Begin at the line containing "I was out on" in the entries below and end at the line containing "Der var dækket"; transcribe that range exactly and nothing outside it.

#### [STORED DATA]
=== Begin Enclosure ===
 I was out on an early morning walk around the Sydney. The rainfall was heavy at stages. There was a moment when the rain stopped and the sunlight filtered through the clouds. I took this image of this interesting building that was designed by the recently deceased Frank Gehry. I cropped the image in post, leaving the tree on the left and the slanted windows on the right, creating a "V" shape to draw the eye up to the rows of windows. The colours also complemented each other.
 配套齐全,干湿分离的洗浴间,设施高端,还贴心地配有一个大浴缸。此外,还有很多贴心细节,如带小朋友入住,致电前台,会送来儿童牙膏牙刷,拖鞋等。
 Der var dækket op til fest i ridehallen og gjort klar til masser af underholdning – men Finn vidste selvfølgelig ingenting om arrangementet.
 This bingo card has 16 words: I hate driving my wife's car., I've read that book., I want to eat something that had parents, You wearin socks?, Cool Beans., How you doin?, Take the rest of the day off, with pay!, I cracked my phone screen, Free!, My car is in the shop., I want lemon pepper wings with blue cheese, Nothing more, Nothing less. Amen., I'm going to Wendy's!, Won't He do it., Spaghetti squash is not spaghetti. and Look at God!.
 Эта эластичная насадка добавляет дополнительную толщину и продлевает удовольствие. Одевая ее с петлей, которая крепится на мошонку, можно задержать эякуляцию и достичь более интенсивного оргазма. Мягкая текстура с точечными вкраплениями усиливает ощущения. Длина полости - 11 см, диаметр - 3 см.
=== End Enclosure ===
=== Begin Enclosure ===
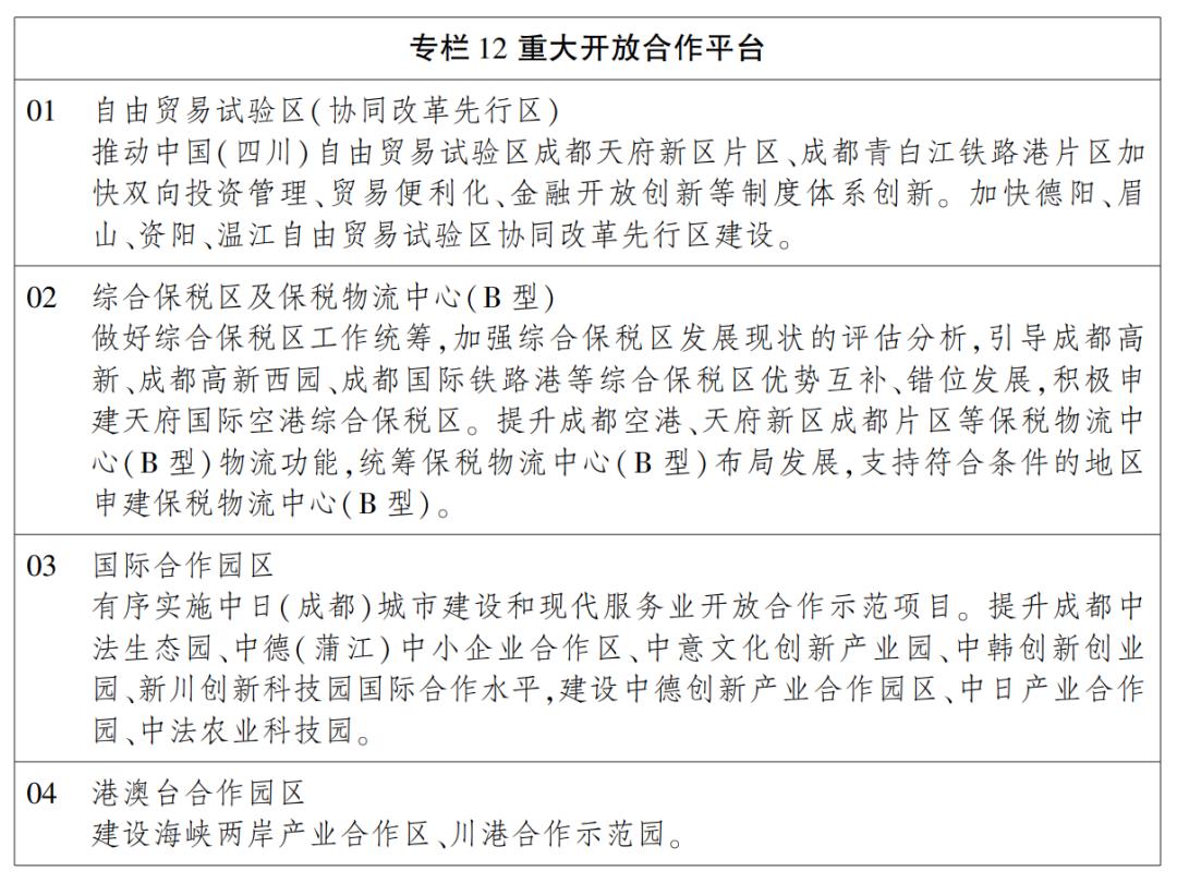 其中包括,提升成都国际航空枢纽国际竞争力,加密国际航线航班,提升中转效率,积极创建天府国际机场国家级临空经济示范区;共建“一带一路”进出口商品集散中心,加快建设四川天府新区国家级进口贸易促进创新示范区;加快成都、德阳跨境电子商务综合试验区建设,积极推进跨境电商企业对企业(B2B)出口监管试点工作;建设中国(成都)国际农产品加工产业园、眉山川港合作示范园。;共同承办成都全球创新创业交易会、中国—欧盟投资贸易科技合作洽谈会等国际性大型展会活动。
=== End Enclosure ===
#### [SOLUTION TO THIS TASK]
 I was out on an early morning walk around the Sydney. The rainfall was heavy at stages. There was a moment when the rain stopped and the sunlight filtered through the clouds. I took this image of this interesting building that was designed by the recently deceased Frank Gehry. I cropped the image in post, leaving the tree on the left and the slanted windows on the right, creating a "V" shape to draw the eye up to the rows of windows. The colours also complemented each other.
 配套齐全,干湿分离的洗浴间,设施高端,还贴心地配有一个大浴缸。此外,还有很多贴心细节,如带小朋友入住,致电前台,会送来儿童牙膏牙刷,拖鞋等。
 Der var dækket op til fest i ridehallen og gjort klar til masser af underholdning – men Finn vidste selvfølgelig ingenting om arrangementet.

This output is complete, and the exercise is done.